キッチンで入れた紅茶をリビングに出してた俺は、
覚えのあるその服に、正直
げ………。
と思うんやった…。
《本当は、帰したない。》
仕事終わりが一緒やった俺ら。
慎と軽い打ち合わせが残っとるのもあって、
**ちゃんが楽屋に寄ってくれた後、3人で俺の部屋に来た。
少し片付けつつ、お茶を入れる俺に
「隆やん、次のロケの台本あるか??」
と聞いてきて、
「部屋の机の上にあるで。」
と返すと、慎に続いて**ちゃんも俺の部屋へ入っていった。
―――――――――――――――
「おー、ホンマ綺麗な部屋やなぁ…。」
机の台本を手に取る慎之介さんは、パラパラとページを捲ってたけど
私を気遣ってか、話を振ってくれた。
「**ちゃん弟さんがおるんやろ??」
「あ、ハイ…。でもこんなに綺麗じゃないですよ??
教科書とか部活のバッグとか散乱してます。」
「中学生なん??」
「はい。疲れてるときは、制服も脱ぎっぱなしだったりしますよ☆」
「制服なぁ…。懐かしいわ。」
「そういえば、慎之介さんたちは制服ってどっちでした??」
「俺らは学ランやったで〜??」
「わー…///見たかったなぁ…♪」
隆実さんの、学ラン姿…。
あのちょっと長めの綺麗な黒髪に、衣装のカラーシャツじゃなくて、白のシャツ。
黒いズボンにベルトをして、そこに黒の学ランを羽織ってる隆実さんの姿が浮かんできて、一気にテンションが
上がってしまう。
学校の木の机に、ノートと教科書を広げて、黒板を見ながら綺麗な指がノートを走って……

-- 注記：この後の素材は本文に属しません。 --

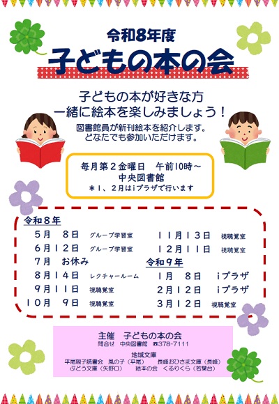 •主催 子どもの本の会 •後援 稲城市立図書館 •お問合せ 稲城市立中央図書館 042-378-7111
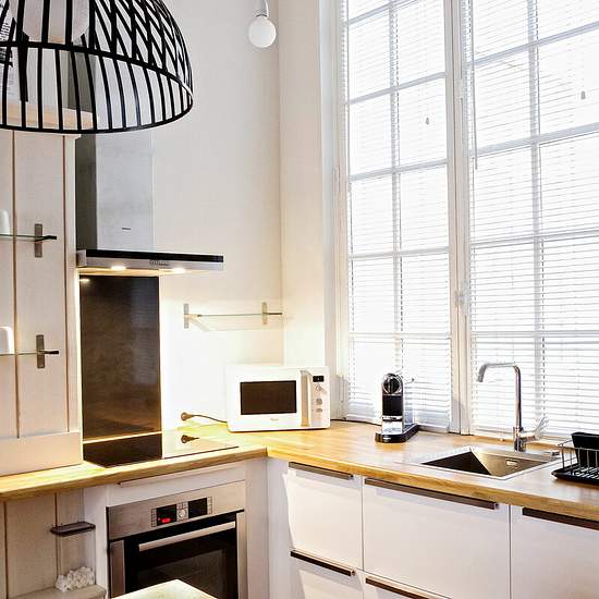 Bordeaux Autrement presents one of its clients' favorites in furnished rentals: the "Galeries" apartment. The apartment includes: - a living room with a sofa, two armchairs, a coffee table, a television, and internet/wifi, - a fully equipped open kitchen with a high table and 5 chairs, oven, microwave, dishwasher, refrigerator/freezer, cooking hob, kettle, Nespresso coffee machine, toaster, and all necessary cooking utensils, - a first bedroom with a double bed measuring 140 x 200 cm and a dresser, - a second bedroom with a double bed meas...

時折校庭の方を見て、風で髪が揺れたりする学生時代の隆実さんは、さぞカッコよかったんだと思うと惚けてし
まう。
もっと早く生まれてきて、同じ学校に通いたかったなぁ〜…///
ちょっと夢見がちに走り出した私を見て、慎之介さんは息を漏らして
ふっと笑ってたみたいだった。
「**ちゃん、いいもんあるで〜♪」
「………ハイ??」
想像から戻ってきたときには、慎之介さんは部屋のクローゼットを開けていた。
「……勝手に開けちゃっていいんですか…??」
その背中から、中を覗き込むと
「かまへんかまへん〜、俺と隆やんの仲やからな〜♪」
と、半分歌うようにハンガー掻き分け物色してる。
「あ、あった!
ほい♪隆やんの高校ん時の制服!」
私に差し出されたのは、確かに“松田”と名札のついてる黒の学ラン。
「コントで使ったりしててん。」
腰に手を置きながら説明してくれる慎之介さん。
思わずその制服を抱きしめたくなってしまう。
そんな私の様子を見てか、
「まだ隆やん着れるはずやで〜??」
と教えてくれたのだった。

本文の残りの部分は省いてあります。